On the phone, the dispatcher greets me with a perky, confident tone. She asks for the problem and I tell her. She seems oddly hesitant for an emergency phone line. She asks for background information.
“Oh, for,” I close my eyes and speak to her with the patience one reserves for reprimanding small children. “I just heard scratching and now whoever it is seems to be banging against the door. He’s relentless. I need a cop dispatched to the area so he can be caught.”
“I understand that, sir,” says the dispatcher. “But if you heard the noise begin as you say, at five o’clock, why have you waited until six-thirty to call us?”

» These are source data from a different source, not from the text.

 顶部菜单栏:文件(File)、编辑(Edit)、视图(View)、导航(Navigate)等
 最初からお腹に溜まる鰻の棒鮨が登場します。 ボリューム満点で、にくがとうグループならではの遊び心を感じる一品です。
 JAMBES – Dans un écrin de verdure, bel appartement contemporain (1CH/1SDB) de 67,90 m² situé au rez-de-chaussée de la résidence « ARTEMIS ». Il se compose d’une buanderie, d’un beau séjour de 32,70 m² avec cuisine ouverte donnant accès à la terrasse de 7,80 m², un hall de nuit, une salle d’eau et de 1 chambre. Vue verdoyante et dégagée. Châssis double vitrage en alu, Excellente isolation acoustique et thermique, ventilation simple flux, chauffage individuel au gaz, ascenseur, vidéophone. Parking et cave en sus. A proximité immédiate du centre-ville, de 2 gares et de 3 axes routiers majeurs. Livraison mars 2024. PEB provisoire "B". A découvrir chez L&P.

I’m dumbfounded, not expecting Sherlock Holmes to pre-screen my call. At a loss for an answer to appease the dispatcher, I panic and hang up quickly.

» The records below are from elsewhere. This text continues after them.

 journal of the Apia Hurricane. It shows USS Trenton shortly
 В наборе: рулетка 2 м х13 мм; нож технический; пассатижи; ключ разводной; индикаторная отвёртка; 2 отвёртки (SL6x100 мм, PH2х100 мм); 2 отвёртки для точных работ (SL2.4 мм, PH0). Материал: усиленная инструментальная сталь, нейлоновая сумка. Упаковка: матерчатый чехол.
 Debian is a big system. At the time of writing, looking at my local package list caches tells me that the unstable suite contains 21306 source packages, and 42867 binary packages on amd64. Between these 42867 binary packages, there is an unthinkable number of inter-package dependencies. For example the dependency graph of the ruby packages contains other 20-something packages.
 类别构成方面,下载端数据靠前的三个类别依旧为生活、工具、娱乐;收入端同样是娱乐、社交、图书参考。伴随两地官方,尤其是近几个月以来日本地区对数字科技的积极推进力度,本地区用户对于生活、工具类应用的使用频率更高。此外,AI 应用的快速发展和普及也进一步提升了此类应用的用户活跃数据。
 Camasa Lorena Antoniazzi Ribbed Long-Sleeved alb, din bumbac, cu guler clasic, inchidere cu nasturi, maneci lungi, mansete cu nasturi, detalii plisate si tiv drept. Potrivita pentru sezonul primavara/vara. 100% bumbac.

“Why did you hang up?!” cries Chloe. Bea barks as though she too is off-put by my behavior. I rub my eyes with my free hand, not liking the look of where this is going.
After a moment of silence between the three of us I put the phone down and turn to Clive. Finally reaching a credible solution in my mind I tell him, “I’m going up on the roof. Try and get him from above.”
Clive clears his throat and offers to lend me a hand. At the door we fumble and decide it would be better to bring weapons along with us, just in case. The three of us run around my kitchen, brandishing various random instruments of defense. I grab a frying pan and Clive takes the butcher knife. Chloe is running around behind us wielding my electric can opener.
At the door of the apartment we leave the girl behind and head for the stairwell. The sound of Clive’s footsteps shadow mine as we take the stairs two at a time. The stairwell smells like piss and paint thinner. Through the heavy metal door we exit out onto the roof. Rain stings my face and the wind forces me to lean into it as I pull the hood of my sweater down as far as I am able. It’s almost impossible to see in the blackness but there is a light, emanating from a distance several meters away. I tug on Clive’s sleeve, not noticing that he’s now ahead of me and he turns, nodding. We head towards the beacon while I attempt to sort out this mystery noise.
It isn’t until we approach the light that I realize it is a lamp. Next to it are two men in dark overalls, tool boxes open on the gravel roof, reinforcing the beams of the fire escape. They turn and stare at us in surprise.